Each line of the data below between the one containing "The Punto Luce" and the one containing "Lo más importante", both included, is to be repeated exactly. Please omit pictures.

== Supplied records ==
☆ ☆ ☆ ☆ ☆ ☆ ☆
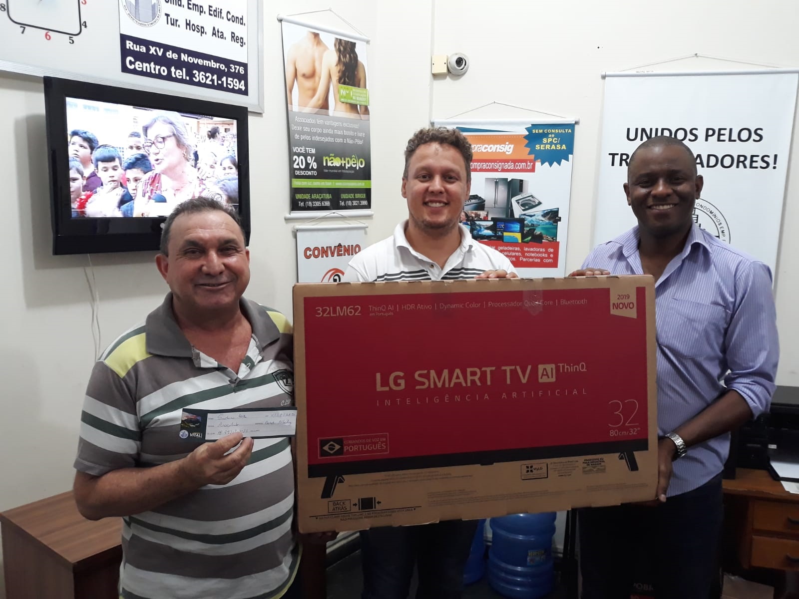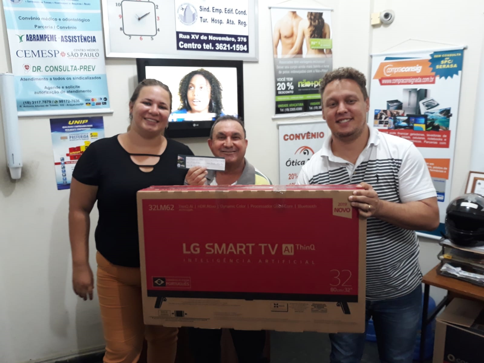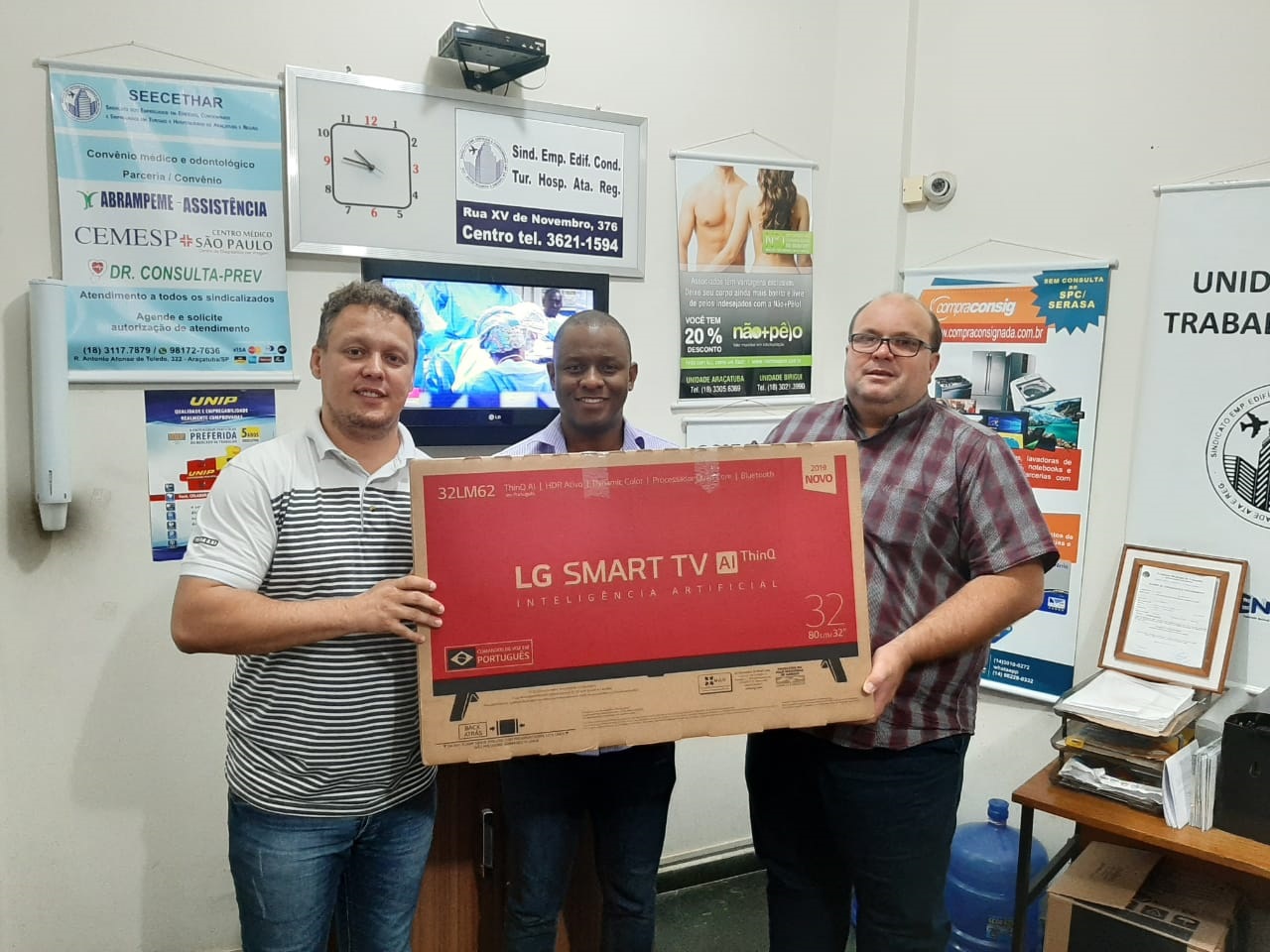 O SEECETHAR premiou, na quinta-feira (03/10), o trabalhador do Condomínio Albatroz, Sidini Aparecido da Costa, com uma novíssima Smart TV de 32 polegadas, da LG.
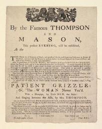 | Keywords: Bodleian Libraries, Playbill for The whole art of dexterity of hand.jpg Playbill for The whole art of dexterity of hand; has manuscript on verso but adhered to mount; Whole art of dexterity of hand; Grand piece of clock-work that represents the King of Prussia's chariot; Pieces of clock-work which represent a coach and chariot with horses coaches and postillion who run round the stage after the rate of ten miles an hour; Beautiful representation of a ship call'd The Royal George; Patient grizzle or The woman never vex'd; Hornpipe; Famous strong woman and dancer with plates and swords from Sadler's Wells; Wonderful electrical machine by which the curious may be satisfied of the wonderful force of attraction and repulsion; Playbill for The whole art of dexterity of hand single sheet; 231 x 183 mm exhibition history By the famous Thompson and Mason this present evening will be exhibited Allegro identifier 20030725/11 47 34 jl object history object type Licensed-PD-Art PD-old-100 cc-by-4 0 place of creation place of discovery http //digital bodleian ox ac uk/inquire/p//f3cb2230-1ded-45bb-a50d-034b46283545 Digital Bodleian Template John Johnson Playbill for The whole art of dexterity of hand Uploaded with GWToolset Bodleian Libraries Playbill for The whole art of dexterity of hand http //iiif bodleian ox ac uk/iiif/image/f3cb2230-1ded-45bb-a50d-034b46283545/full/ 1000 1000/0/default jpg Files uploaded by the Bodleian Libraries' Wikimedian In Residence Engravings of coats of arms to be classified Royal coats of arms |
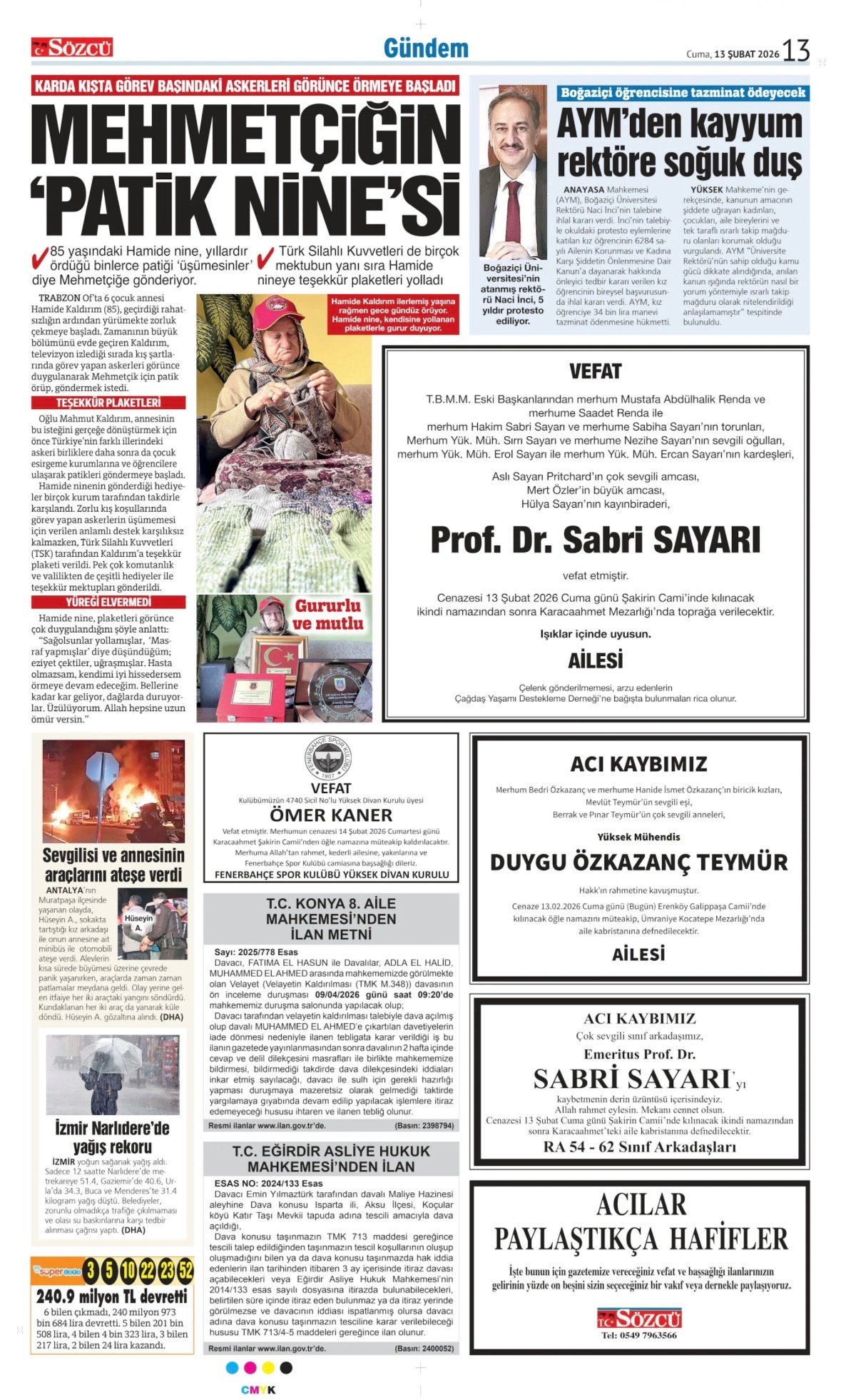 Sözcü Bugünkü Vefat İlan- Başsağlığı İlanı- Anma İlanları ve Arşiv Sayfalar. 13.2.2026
☆ ☆ ☆ ☆ ☆ ☆ ☆
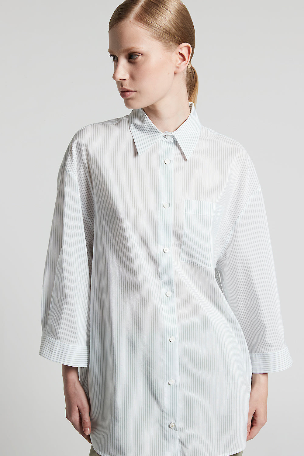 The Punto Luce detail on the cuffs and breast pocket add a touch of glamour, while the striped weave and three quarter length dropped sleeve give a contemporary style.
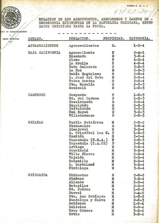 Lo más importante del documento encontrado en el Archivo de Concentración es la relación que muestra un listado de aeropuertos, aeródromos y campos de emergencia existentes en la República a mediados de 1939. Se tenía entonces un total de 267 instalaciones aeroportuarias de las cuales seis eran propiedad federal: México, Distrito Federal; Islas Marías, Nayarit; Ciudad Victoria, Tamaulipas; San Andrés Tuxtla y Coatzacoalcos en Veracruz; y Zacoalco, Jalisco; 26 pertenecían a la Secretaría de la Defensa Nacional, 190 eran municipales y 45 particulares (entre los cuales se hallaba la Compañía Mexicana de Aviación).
☆ ☆ ☆ ☆ ☆ ☆ ☆
== Written solution ==
 The Punto Luce detail on the cuffs and breast pocket add a touch of glamour, while the striped weave and three quarter length dropped sleeve give a contemporary style.
 Lo más importante del documento encontrado en el Archivo de Concentración es la relación que muestra un listado de aeropuertos, aeródromos y campos de emergencia existentes en la República a mediados de 1939. Se tenía entonces un total de 267 instalaciones aeroportuarias de las cuales seis eran propiedad federal: México, Distrito Federal; Islas Marías, Nayarit; Ciudad Victoria, Tamaulipas; San Andrés Tuxtla y Coatzacoalcos en Veracruz; y Zacoalco, Jalisco; 26 pertenecían a la Secretaría de la Defensa Nacional, 190 eran municipales y 45 particulares (entre los cuales se hallaba la Compañía Mexicana de Aviación).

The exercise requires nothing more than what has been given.